Ignacio A. Cortina, for Duncan J. Palmer05/13/2026
** Signature of Reporting PersonDate
Reminder: Report on a separate line for each class of securities beneficially owned directly or indirectly.
* If the form is filed by more than one reporting person, see Instruction 4 (b)(v).
** Intentional misstatements or omissions of facts constitute Federal Criminal Violations See 18 U.S.C. 1001 and 15 U.S.C. 78ff(a).
Note: File three copies of this Form, one of which must be manually signed. If space is insufficient, see Instruction 6 for procedure.
Persons who respond to the collection of information contained in this form are not required to respond unless the form displays a currently valid OMB Number.
* Form 4: SEC 1474 (03-26)

FAQ

What insider transaction did Oshkosh Corp (OSK) disclose for Duncan Palmer?

Oshkosh Corp director Duncan Palmer reported selling 505 shares of Common Stock in an open-market transaction. The shares were sold at a price of $133.86 each, and the transaction was executed under a pre-arranged Rule 10b5-1 trading plan.

At what price did Duncan Palmer sell Oshkosh Corp (OSK) shares?

Duncan Palmer sold 505 Oshkosh Corp Common Stock shares at $133.86 per share. This reflects an open-market sale reported on Form 4, providing transparency into the director’s recent trading activity and execution price for this specific transaction.

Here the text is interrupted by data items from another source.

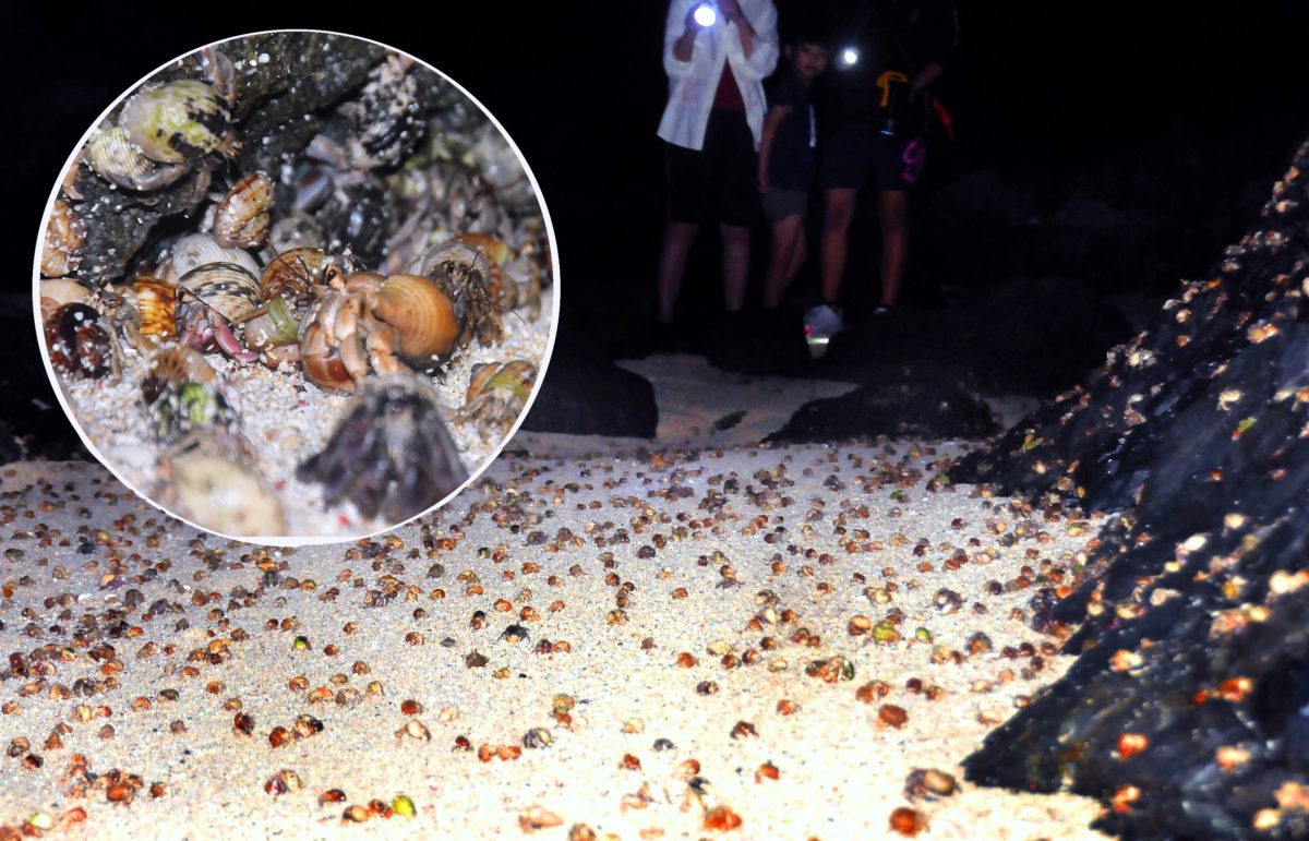 1日午後10時すぎの同ポイント。すでにヤドカリたちの大群が長さ約50㍍にわたって岩と砂浜を覆っていた。その一部は、宿貝と体の間に抱えたままふ化させたゾエア幼生を、礁湖の海水に浸かって体を揺らしながら放出。赤紫色をしたボウフラ状の幼生たちが、体をくねらせて泳ぐ姿が肉眼でも確認できる。
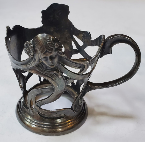 4 suporturi argintate pentru pahare,decorate cu motive vegetale si chip de femeie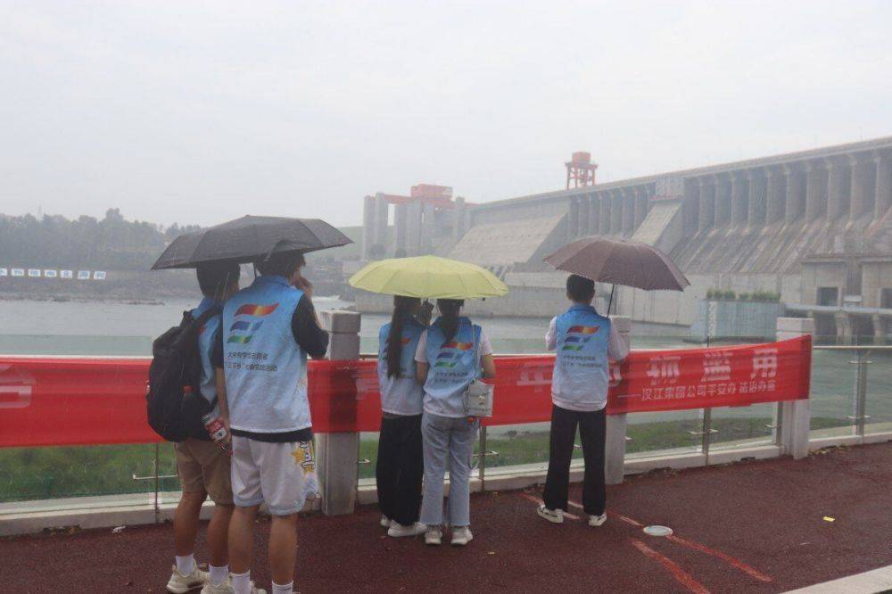 7月8日上午,“碧水丹心"生态文化调研队来到了丹江口大坝开展了他们一天的调研活动。在朦胧的清晨,调研队员们穿好了队服,手举旗帜,精神饱满整齐的站在了丹江口大坝景区门口,进行了他们的第一次打卡拍照。简单的几句口号呼出宣告着“碧水丹心”调研队伍活动的正式开始。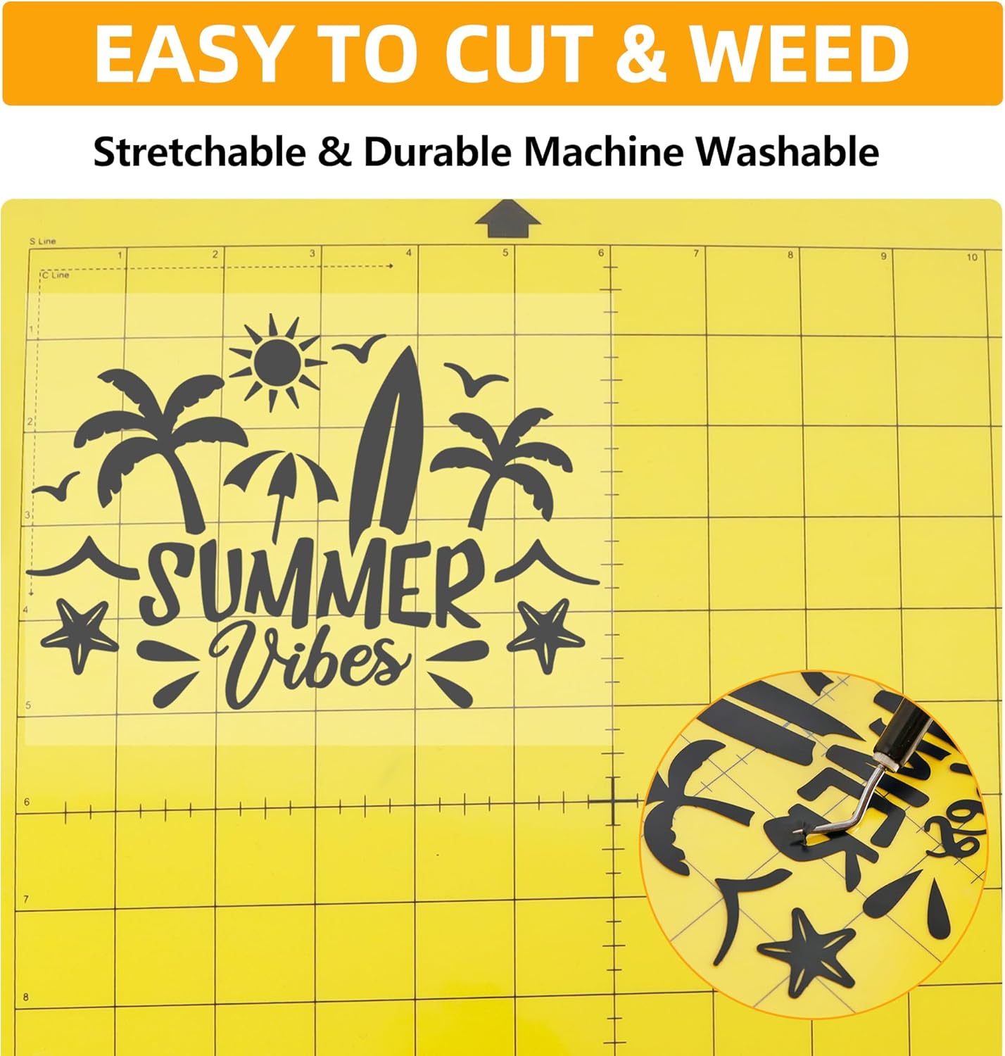 - EASY TO CUT & WEED & TRANSFER: Our htv vinyl is sensitive to temperature and pressure, which can be quickly and easily to weed and peel. It is compatible with all cutter machines, most heat presses and household irons on the market, and perfect for 12x12" and 12x24" cutting mats. You can easily apply adhesive backing htv to fabric using a hot iron or hot press. Please note that it is warm peel

How many Oshkosh Corp (OSK) shares does Duncan Palmer hold after the sale?

Following the reported sale, Duncan Palmer directly holds 39,684.07 Oshkosh Corp Common Stock shares. This post-transaction balance shows he retains a substantial equity position in the company despite the relatively small 505-share disposition disclosed in the filing.

Why were the Oshkosh Corp (OSK) shares sold under a Rule 10b5-1 plan?

The shares were sold under a Rule 10b5-1 trading plan adopted on February 3, 2026. According to the disclosure, sale proceeds are intended to satisfy Mr. Palmer’s estimated income tax obligations tied to shares he received on May 5, 2026.

Was Duncan Palmer’s Oshkosh Corp (OSK) sale a discretionary trade?

The sale was executed pursuant to a pre-established Rule 10b5-1 plan, indicating it was pre-planned rather than a spur-of-the-moment discretionary trade. Such plans allow insiders to systematically sell shares according to preset instructions over time.